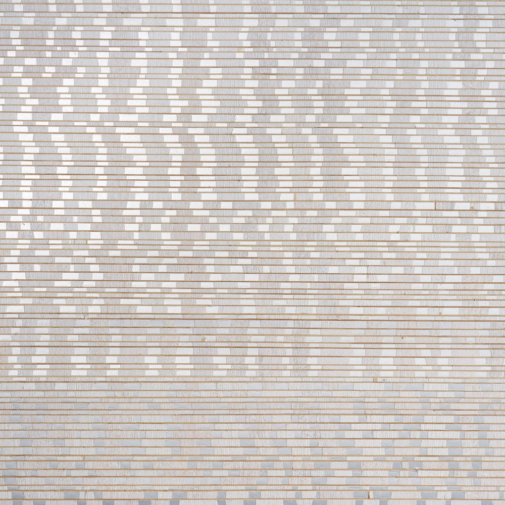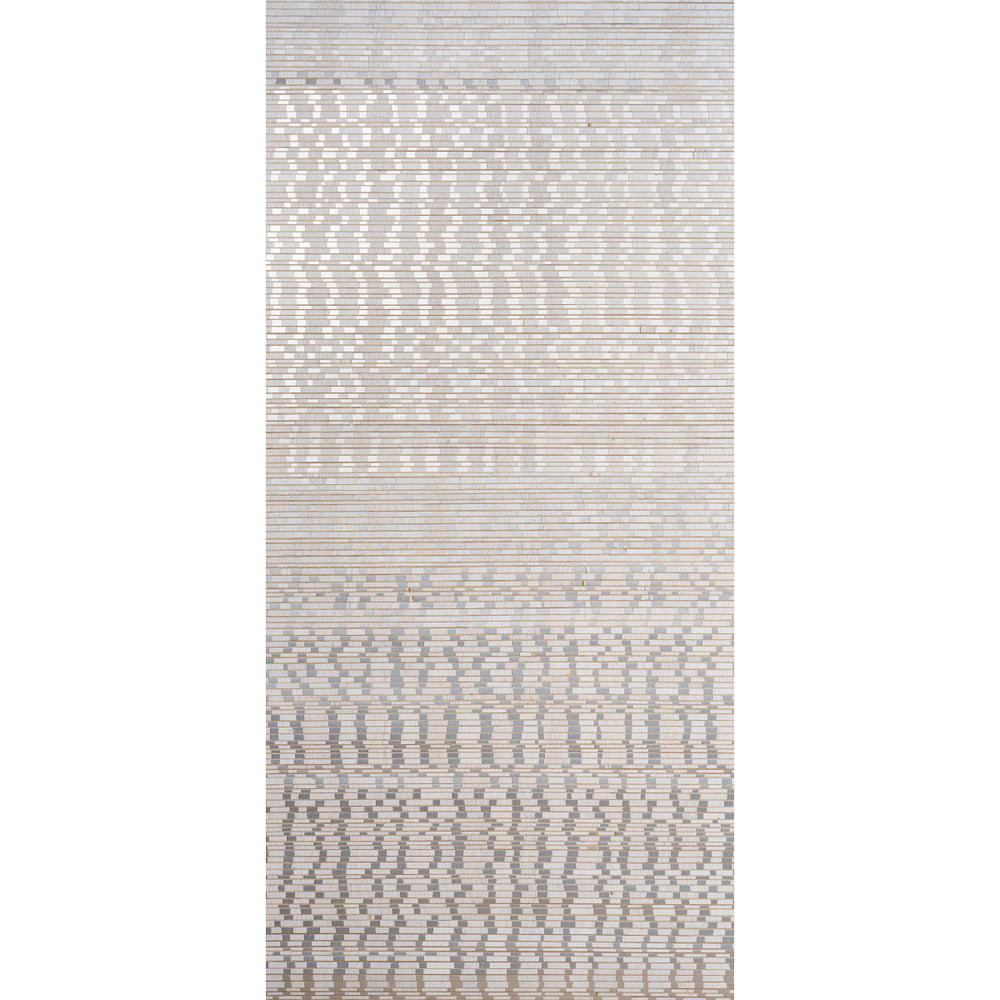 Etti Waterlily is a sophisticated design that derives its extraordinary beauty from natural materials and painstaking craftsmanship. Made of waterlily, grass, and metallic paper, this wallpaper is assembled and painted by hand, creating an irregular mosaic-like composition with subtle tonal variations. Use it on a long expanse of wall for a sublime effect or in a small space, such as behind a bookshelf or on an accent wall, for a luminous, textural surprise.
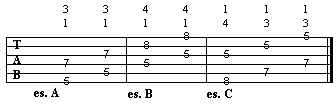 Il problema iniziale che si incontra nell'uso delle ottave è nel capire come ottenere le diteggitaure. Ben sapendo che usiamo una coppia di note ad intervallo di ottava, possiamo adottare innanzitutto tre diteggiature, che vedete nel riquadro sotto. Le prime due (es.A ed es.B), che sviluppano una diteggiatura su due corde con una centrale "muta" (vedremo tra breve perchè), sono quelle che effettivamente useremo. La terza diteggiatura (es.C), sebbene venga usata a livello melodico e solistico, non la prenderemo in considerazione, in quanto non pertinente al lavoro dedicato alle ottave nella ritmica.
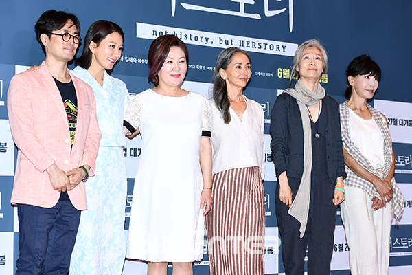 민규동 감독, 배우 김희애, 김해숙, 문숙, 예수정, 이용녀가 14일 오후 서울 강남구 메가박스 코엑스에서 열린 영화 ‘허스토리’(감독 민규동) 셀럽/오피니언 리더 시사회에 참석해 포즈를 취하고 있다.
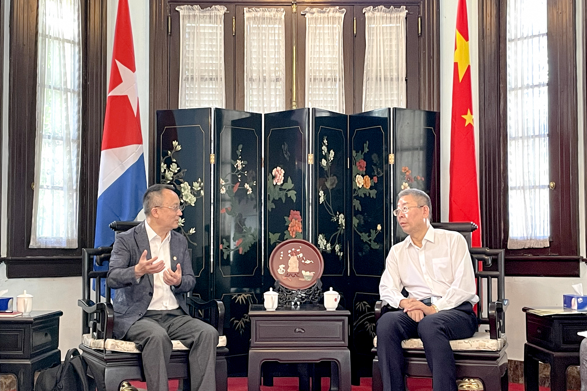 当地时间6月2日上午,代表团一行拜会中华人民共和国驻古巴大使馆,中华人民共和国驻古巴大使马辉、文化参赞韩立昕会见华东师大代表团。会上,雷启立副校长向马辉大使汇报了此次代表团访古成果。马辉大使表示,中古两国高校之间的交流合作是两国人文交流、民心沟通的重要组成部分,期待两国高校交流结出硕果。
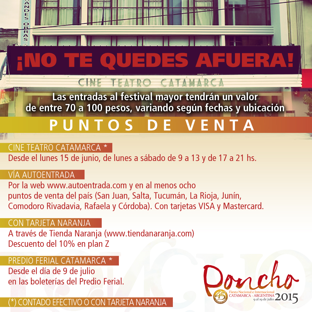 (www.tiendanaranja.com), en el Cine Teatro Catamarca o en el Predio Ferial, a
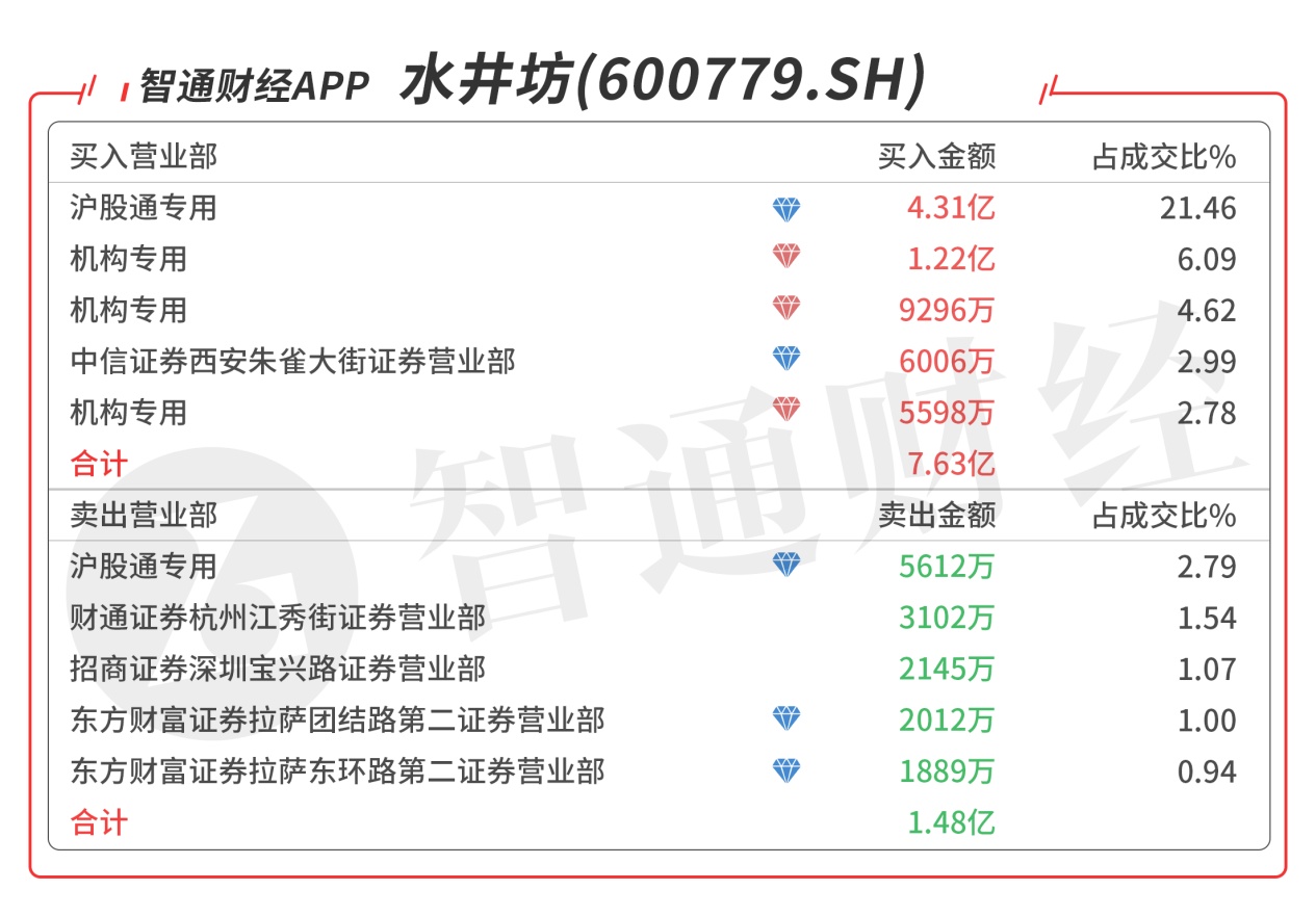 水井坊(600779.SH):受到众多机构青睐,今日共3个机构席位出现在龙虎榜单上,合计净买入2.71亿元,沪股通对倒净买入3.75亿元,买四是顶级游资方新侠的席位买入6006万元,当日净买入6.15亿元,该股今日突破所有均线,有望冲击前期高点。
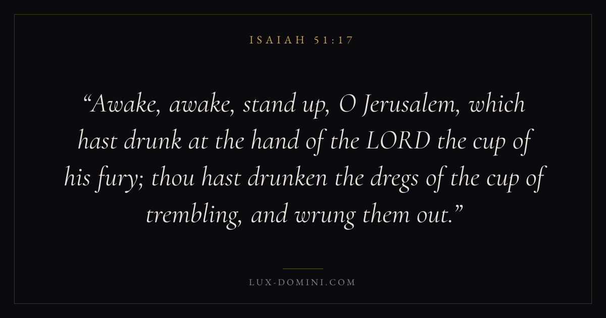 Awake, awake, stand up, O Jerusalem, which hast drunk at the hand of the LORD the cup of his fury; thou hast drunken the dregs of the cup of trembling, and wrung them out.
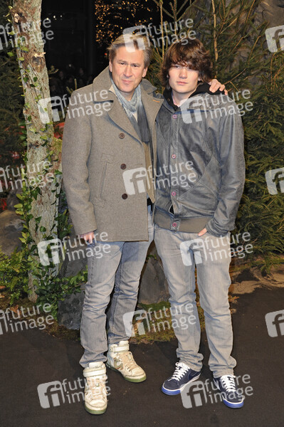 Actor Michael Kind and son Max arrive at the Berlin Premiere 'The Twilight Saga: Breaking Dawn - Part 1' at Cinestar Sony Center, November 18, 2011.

-.-.-

● **WHAT NEEDS TO BE DONE**: Leave the pictures behind and transcribe every record above exactly.

● **ANSWER SECTION**:
 Etti Waterlily is a sophisticated design that derives its extraordinary beauty from natural materials and painstaking craftsmanship. Made of waterlily, grass, and metallic paper, this wallpaper is assembled and painted by hand, creating an irregular mosaic-like composition with subtle tonal variations. Use it on a long expanse of wall for a sublime effect or in a small space, such as behind a bookshelf or on an accent wall, for a luminous, textural surprise.
 Il problema iniziale che si incontra nell'uso delle ottave è nel capire come ottenere le diteggitaure. Ben sapendo che usiamo una coppia di note ad intervallo di ottava, possiamo adottare innanzitutto tre diteggiature, che vedete nel riquadro sotto. Le prime due (es.A ed es.B), che sviluppano una diteggiatura su due corde con una centrale "muta" (vedremo tra breve perchè), sono quelle che effettivamente useremo. La terza diteggiatura (es.C), sebbene venga usata a livello melodico e solistico, non la prenderemo in considerazione, in quanto non pertinente al lavoro dedicato alle ottave nella ritmica.
 민규동 감독, 배우 김희애, 김해숙, 문숙, 예수정, 이용녀가 14일 오후 서울 강남구 메가박스 코엑스에서 열린 영화 ‘허스토리’(감독 민규동) 셀럽/오피니언 리더 시사회에 참석해 포즈를 취하고 있다.
 当地时间6月2日上午,代表团一行拜会中华人民共和国驻古巴大使馆,中华人民共和国驻古巴大使马辉、文化参赞韩立昕会见华东师大代表团。会上,雷启立副校长向马辉大使汇报了此次代表团访古成果。马辉大使表示,中古两国高校之间的交流合作是两国人文交流、民心沟通的重要组成部分,期待两国高校交流结出硕果。
 (www.tiendanaranja.com), en el Cine Teatro Catamarca o en el Predio Ferial, a
 水井坊(600779.SH):受到众多机构青睐,今日共3个机构席位出现在龙虎榜单上,合计净买入2.71亿元,沪股通对倒净买入3.75亿元,买四是顶级游资方新侠的席位买入6006万元,当日净买入6.15亿元,该股今日突破所有均线,有望冲击前期高点。
 Awake, awake, stand up, O Jerusalem, which hast drunk at the hand of the LORD the cup of his fury; thou hast drunken the dregs of the cup of trembling, and wrung them out.
 Actor Michael Kind and son Max arrive at the Berlin Premiere 'The Twilight Saga: Breaking Dawn - Part 1' at Cinestar Sony Center, November 18, 2011.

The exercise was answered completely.